**EXERCISE INSTRUCTIONS:**
Aim for an exact copy of the listing, without any images.

**SUPPLIED DATA:**
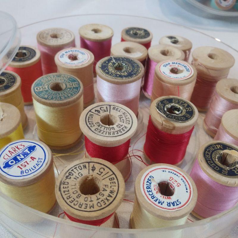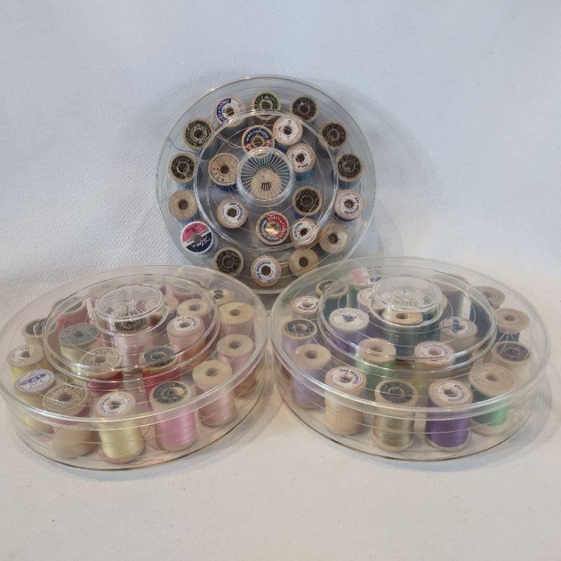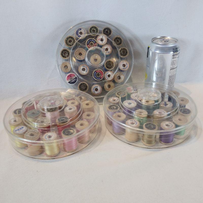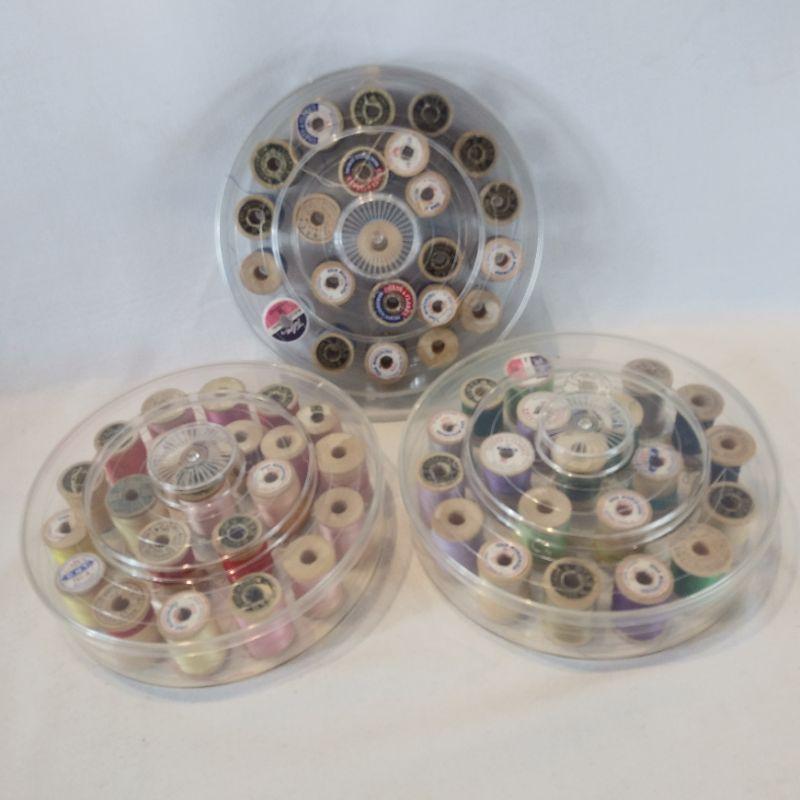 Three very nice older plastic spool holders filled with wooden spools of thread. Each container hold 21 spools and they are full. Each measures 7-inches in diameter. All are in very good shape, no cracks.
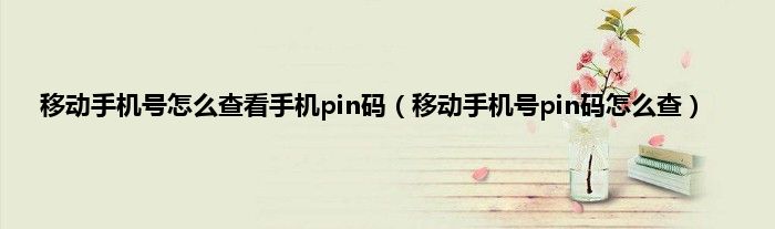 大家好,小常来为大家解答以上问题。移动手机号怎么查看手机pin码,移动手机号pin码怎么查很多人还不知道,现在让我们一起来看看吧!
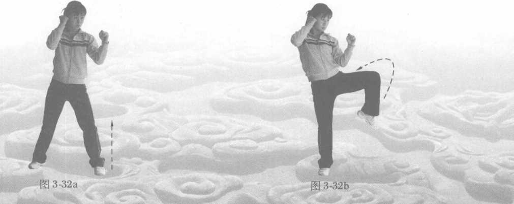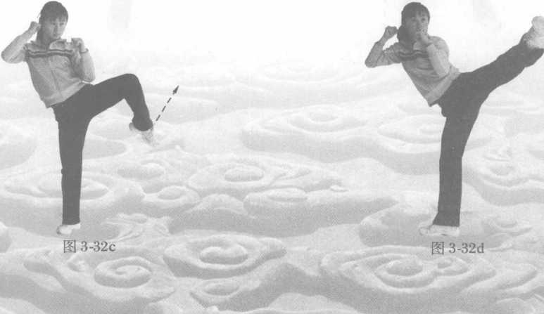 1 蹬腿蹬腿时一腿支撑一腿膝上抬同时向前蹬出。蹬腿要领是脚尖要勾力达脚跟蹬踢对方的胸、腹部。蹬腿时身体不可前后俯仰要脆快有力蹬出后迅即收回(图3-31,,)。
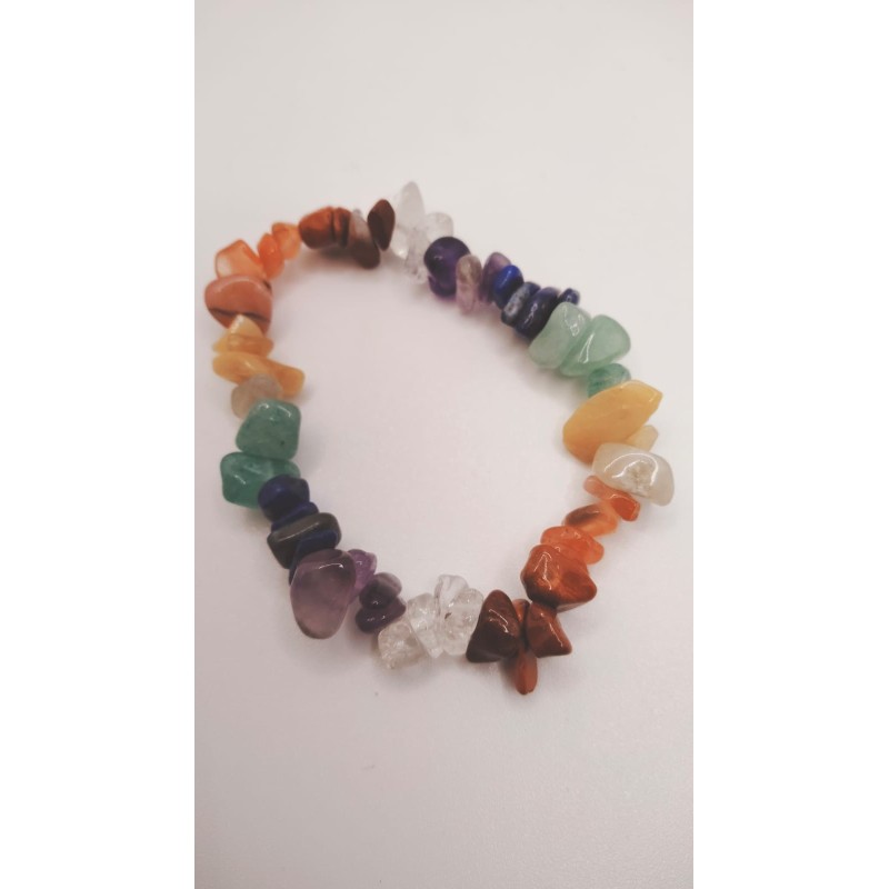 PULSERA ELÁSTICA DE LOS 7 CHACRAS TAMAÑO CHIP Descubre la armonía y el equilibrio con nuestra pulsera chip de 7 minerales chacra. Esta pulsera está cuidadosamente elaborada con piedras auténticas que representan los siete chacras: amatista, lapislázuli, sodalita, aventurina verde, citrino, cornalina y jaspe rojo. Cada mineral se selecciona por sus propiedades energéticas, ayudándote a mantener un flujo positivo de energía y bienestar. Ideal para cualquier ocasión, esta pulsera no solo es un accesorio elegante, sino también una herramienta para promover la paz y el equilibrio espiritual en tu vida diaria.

**RESPONSE TO THE TASK:**
 Three very nice older plastic spool holders filled with wooden spools of thread. Each container hold 21 spools and they are full. Each measures 7-inches in diameter. All are in very good shape, no cracks.
 大家好,小常来为大家解答以上问题。移动手机号怎么查看手机pin码,移动手机号pin码怎么查很多人还不知道,现在让我们一起来看看吧!
 1 蹬腿蹬腿时一腿支撑一腿膝上抬同时向前蹬出。蹬腿要领是脚尖要勾力达脚跟蹬踢对方的胸、腹部。蹬腿时身体不可前后俯仰要脆快有力蹬出后迅即收回(图3-31,,)。
 PULSERA ELÁSTICA DE LOS 7 CHACRAS TAMAÑO CHIP Descubre la armonía y el equilibrio con nuestra pulsera chip de 7 minerales chacra. Esta pulsera está cuidadosamente elaborada con piedras auténticas que representan los siete chacras: amatista, lapislázuli, sodalita, aventurina verde, citrino, cornalina y jaspe rojo. Cada mineral se selecciona por sus propiedades energéticas, ayudándote a mantener un flujo positivo de energía y bienestar. Ideal para cualquier ocasión, esta pulsera no solo es un accesorio elegante, sino también una herramienta para promover la paz y el equilibrio espiritual en tu vida diaria.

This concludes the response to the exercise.